#### RECORDS PROVIDED
——
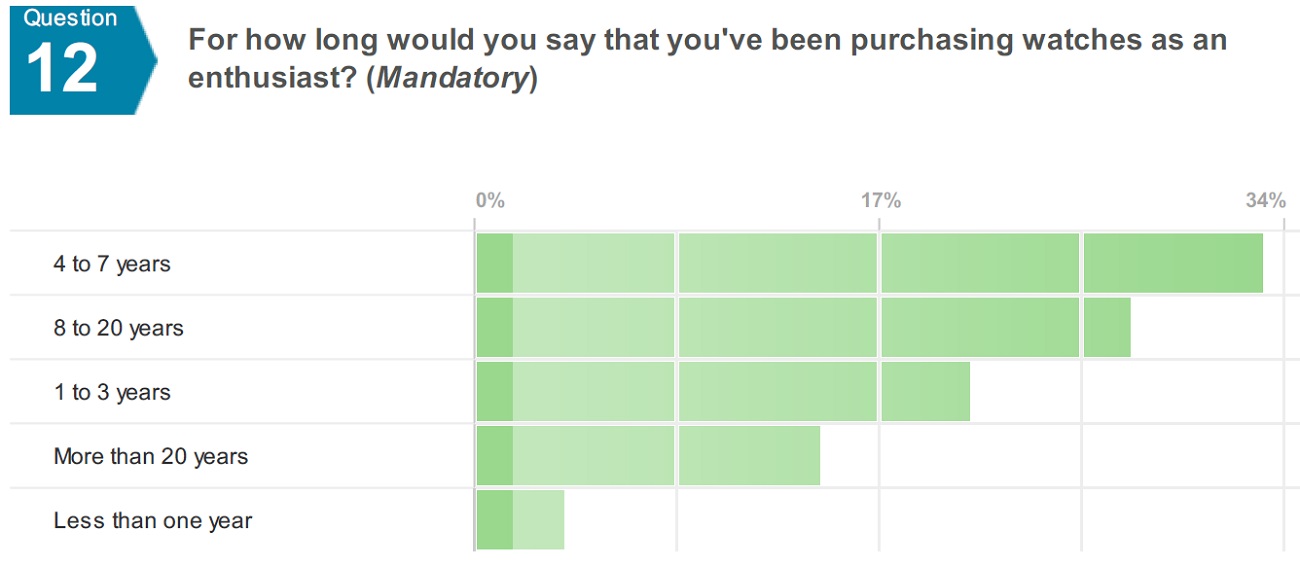 我發(fā)現(xiàn) aBlogtoWatch 非常有趣的一點(diǎn)是,它已經(jīng)發(fā)展成為成熟收藏家的平臺(tái)。只有25%的觀眾收藏不到三年,只有4%的人收藏不到一年。因此,98% 的人擁有超過 2 塊手表,59% 的人擁有 5 到 30 塊手表也就不足為奇了。據(jù)報(bào)道,有 2% 的人擁有 100 多塊手表。廣告訊息廣告信息結(jié)束
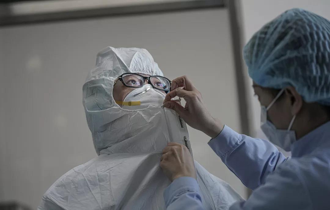 工作了一個多小時之後,護目鏡開始「起霧」,這會極大地影響楊佳慧的工作效率。一套防護服的有效防護時間是4-6個小時,她必須在這段時間內,完成所有的工作。
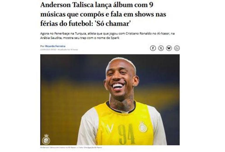 Talisca, 15 Mayıs’ta 9 müzikten oluşacak Notas isimli albümü öncesi Brezilya basınına konuştu.
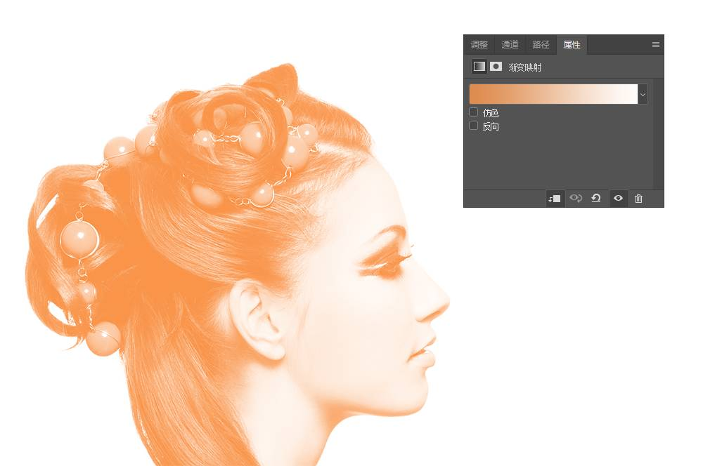 对其进行去色和渐变隐射的处理,这时需要注意对色彩的控制和搭配,在配色前应对整体色彩有个规划。我们在此给这个头像增加的浅橙色的渐变映射。
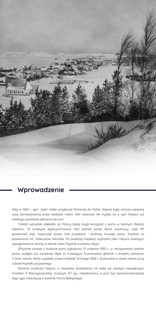 Gdy w 1920 r. gen. Józef Haller przyłączał Pomorze do Polski, Gdynia była rolniczo-rybacką wsią zamieszkiwaną przez dwieście rodzin. Nikt wówczas nie myślał, że w tym miejscu już niedługo powstanie pełnomorski port.
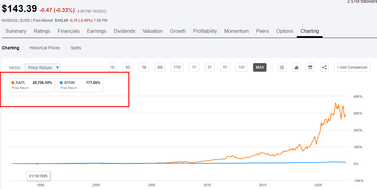 아래 이미지에서 S&P 500의 최근 약 20여 년을 두고서 차트를 비교해보면 애플 주가(AAPL)는 같은 기간 약 28,000배의 주가 우상향이 있었고 S&P 500은 777%의 우상향을 그리고 있는 점에서 볼 때 매우 시사하는 바가 큰 것을 봅니다. 그만큼 애플은 미국 시장뿐 아니라 전 세계 자본, 주식시장에서 빼놓을 수 없는 기둥과 같은 회사, 주식이라는 것을 새삼 느낍니다. 이상으로 간략히 애플(AAPL) 주식을 애플 카에서부터 애플 주가전망까지 해봤는데 앞으로도 주목할 만한 소식이나 정보가 있다면 다시 찾아뵙겠습니다.
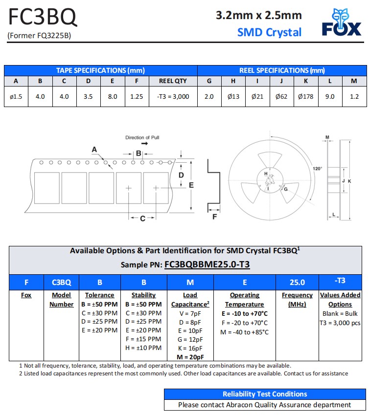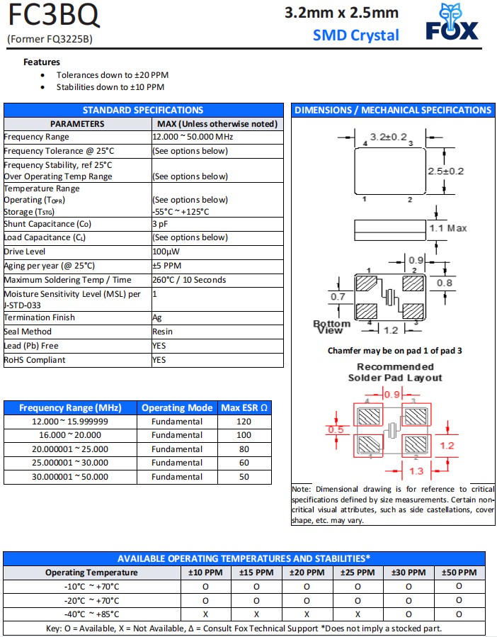 美國FOX進(jìn)口晶振,FC3BQEBME26.0-T3,汽車?yán)走_(dá)6G晶振,FQ3225B-16.000,3225mm晶振,參數(shù)表
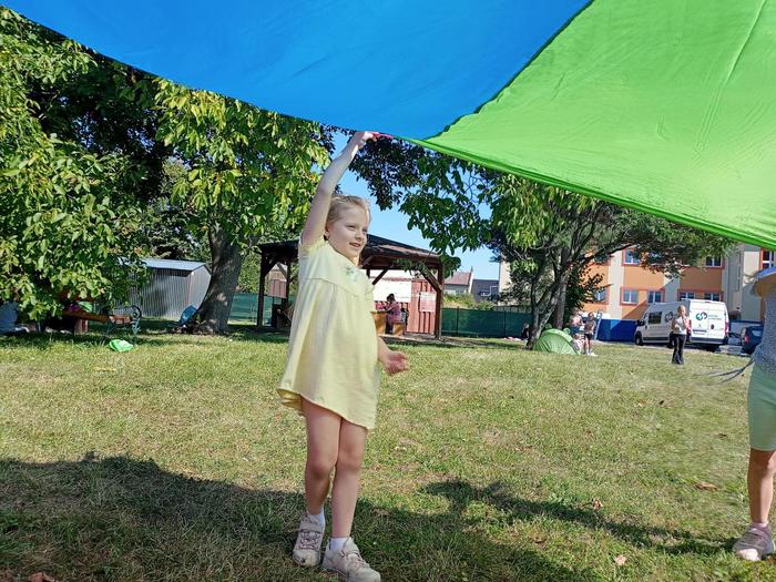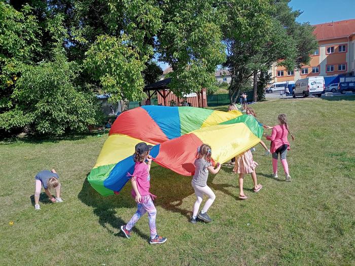 Slunečné dny jsme trávili na školní zahradě – hráli jsme seznamovací hry, jako například vyvolávanou nebo lidské pexeso, odpočívali na dekách a užívali si společné chvíle s kamarády.
——
#### ASSIGNED TASK
In the answer, include exactly the lines from the top of the entries through the line containing "对其进行去色和渐变隐射的处理", and nothing else, not even the pictures.

#### ANSWER TO THE EXERCISE
 我發(fā)現(xiàn) aBlogtoWatch 非常有趣的一點(diǎn)是,它已經(jīng)發(fā)展成為成熟收藏家的平臺(tái)。只有25%的觀眾收藏不到三年,只有4%的人收藏不到一年。因此,98% 的人擁有超過 2 塊手表,59% 的人擁有 5 到 30 塊手表也就不足為奇了。據(jù)報(bào)道,有 2% 的人擁有 100 多塊手表。廣告訊息廣告信息結(jié)束
 工作了一個多小時之後,護目鏡開始「起霧」,這會極大地影響楊佳慧的工作效率。一套防護服的有效防護時間是4-6個小時,她必須在這段時間內,完成所有的工作。
 Talisca, 15 Mayıs’ta 9 müzikten oluşacak Notas isimli albümü öncesi Brezilya basınına konuştu.
 对其进行去色和渐变隐射的处理,这时需要注意对色彩的控制和搭配,在配色前应对整体色彩有个规划。我们在此给这个头像增加的浅橙色的渐变映射。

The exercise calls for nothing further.